** Exercise goal **
How many lines of these entries include the string "urbano"? State the number alone.

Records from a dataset
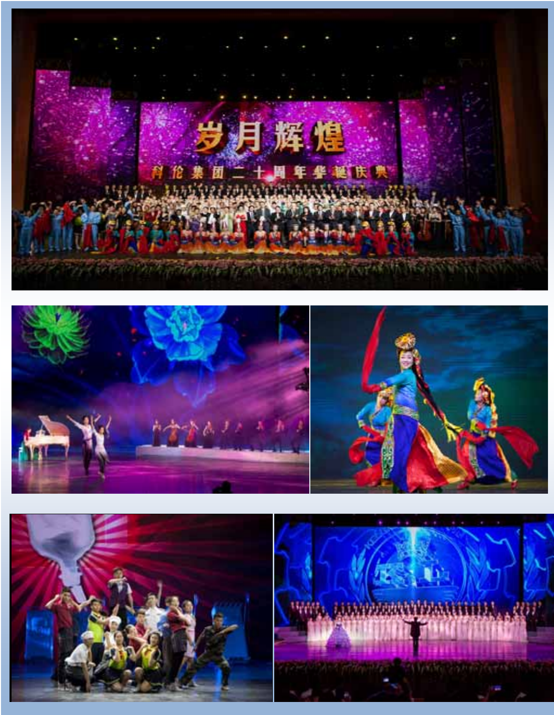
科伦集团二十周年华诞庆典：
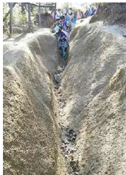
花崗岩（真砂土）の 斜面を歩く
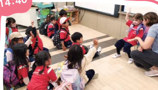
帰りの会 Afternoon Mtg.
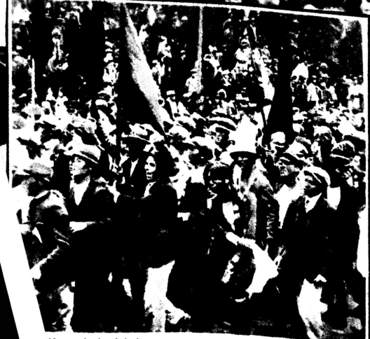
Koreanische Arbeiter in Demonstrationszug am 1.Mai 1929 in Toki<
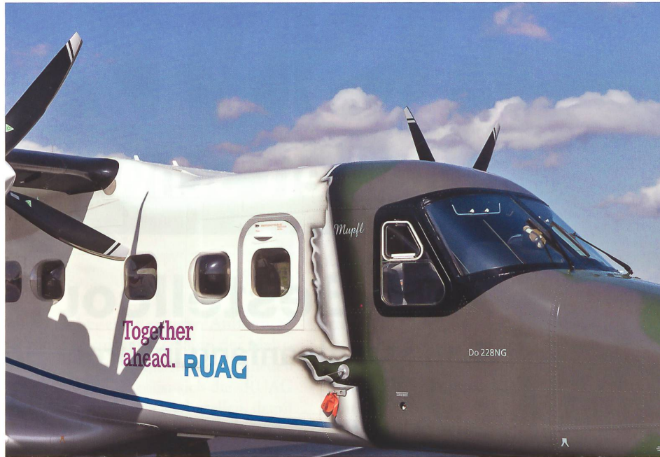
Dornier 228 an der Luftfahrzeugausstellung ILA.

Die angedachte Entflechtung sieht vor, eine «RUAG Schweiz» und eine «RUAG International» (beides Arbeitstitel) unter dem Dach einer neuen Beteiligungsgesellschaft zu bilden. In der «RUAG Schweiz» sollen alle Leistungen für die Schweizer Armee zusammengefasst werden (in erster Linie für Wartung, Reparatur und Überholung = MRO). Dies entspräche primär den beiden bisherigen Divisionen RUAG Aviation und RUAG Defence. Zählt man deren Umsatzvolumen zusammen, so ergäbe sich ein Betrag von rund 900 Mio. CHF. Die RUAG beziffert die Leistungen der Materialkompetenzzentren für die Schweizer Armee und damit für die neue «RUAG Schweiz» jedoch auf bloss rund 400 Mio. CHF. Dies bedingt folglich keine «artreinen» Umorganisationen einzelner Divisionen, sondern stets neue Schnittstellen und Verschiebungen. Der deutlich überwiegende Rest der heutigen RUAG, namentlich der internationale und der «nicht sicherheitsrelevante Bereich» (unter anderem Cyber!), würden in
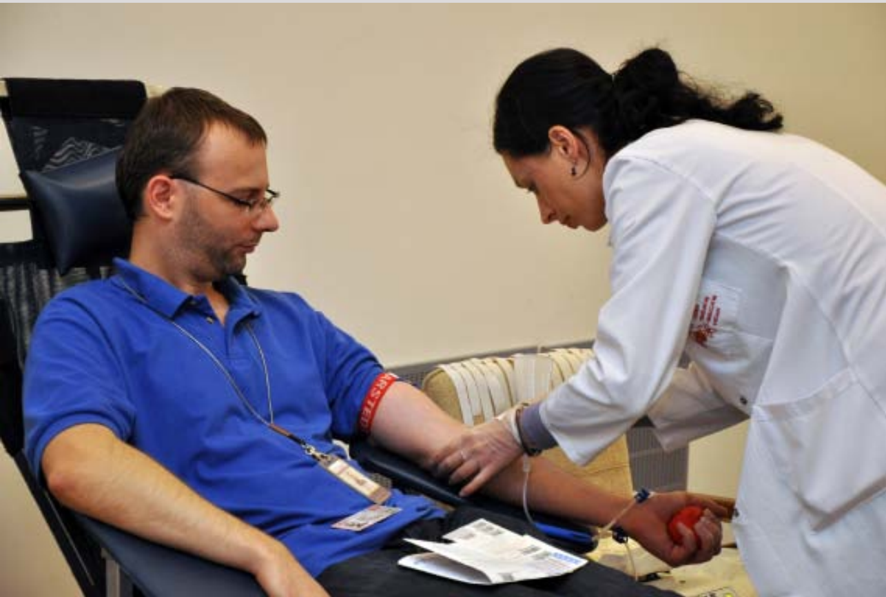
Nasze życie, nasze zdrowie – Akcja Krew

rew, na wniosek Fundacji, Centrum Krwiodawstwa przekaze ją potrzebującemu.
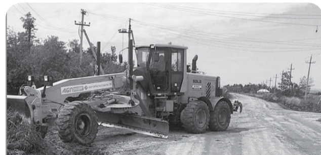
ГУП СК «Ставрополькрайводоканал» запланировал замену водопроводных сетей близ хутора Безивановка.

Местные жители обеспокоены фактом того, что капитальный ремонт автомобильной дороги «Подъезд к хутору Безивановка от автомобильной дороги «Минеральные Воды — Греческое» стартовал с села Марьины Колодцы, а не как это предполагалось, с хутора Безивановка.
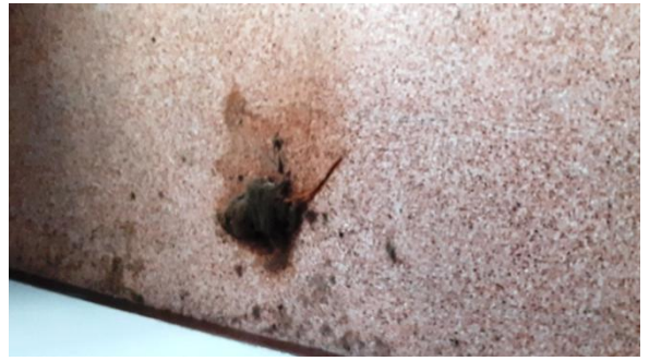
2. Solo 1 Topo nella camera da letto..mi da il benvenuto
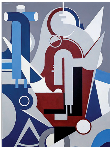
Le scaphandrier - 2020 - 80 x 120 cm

* * *

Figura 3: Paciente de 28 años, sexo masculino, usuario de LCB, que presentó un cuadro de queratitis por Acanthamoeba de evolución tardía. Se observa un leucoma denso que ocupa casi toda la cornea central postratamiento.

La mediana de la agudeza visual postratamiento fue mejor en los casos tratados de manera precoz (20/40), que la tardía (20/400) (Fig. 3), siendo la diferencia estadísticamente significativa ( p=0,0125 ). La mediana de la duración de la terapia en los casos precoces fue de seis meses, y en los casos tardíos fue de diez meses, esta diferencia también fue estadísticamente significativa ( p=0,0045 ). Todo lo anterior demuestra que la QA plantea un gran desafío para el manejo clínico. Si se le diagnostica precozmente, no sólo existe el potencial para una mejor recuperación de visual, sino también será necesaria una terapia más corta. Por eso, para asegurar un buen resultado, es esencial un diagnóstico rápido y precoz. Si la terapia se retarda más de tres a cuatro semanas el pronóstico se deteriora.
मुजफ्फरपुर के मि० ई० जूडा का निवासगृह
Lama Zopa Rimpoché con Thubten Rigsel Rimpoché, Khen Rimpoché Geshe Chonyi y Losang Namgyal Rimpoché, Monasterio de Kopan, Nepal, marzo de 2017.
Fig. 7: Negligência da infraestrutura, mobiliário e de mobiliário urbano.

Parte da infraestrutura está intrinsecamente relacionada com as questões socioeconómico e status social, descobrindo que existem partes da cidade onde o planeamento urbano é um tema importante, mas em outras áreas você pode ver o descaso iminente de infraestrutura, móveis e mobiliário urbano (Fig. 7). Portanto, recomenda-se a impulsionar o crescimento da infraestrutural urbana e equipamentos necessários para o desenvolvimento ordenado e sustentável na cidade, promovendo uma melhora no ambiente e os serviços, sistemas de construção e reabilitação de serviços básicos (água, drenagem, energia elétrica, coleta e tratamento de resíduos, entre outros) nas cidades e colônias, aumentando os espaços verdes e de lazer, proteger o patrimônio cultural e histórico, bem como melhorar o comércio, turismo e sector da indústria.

** Reply **
2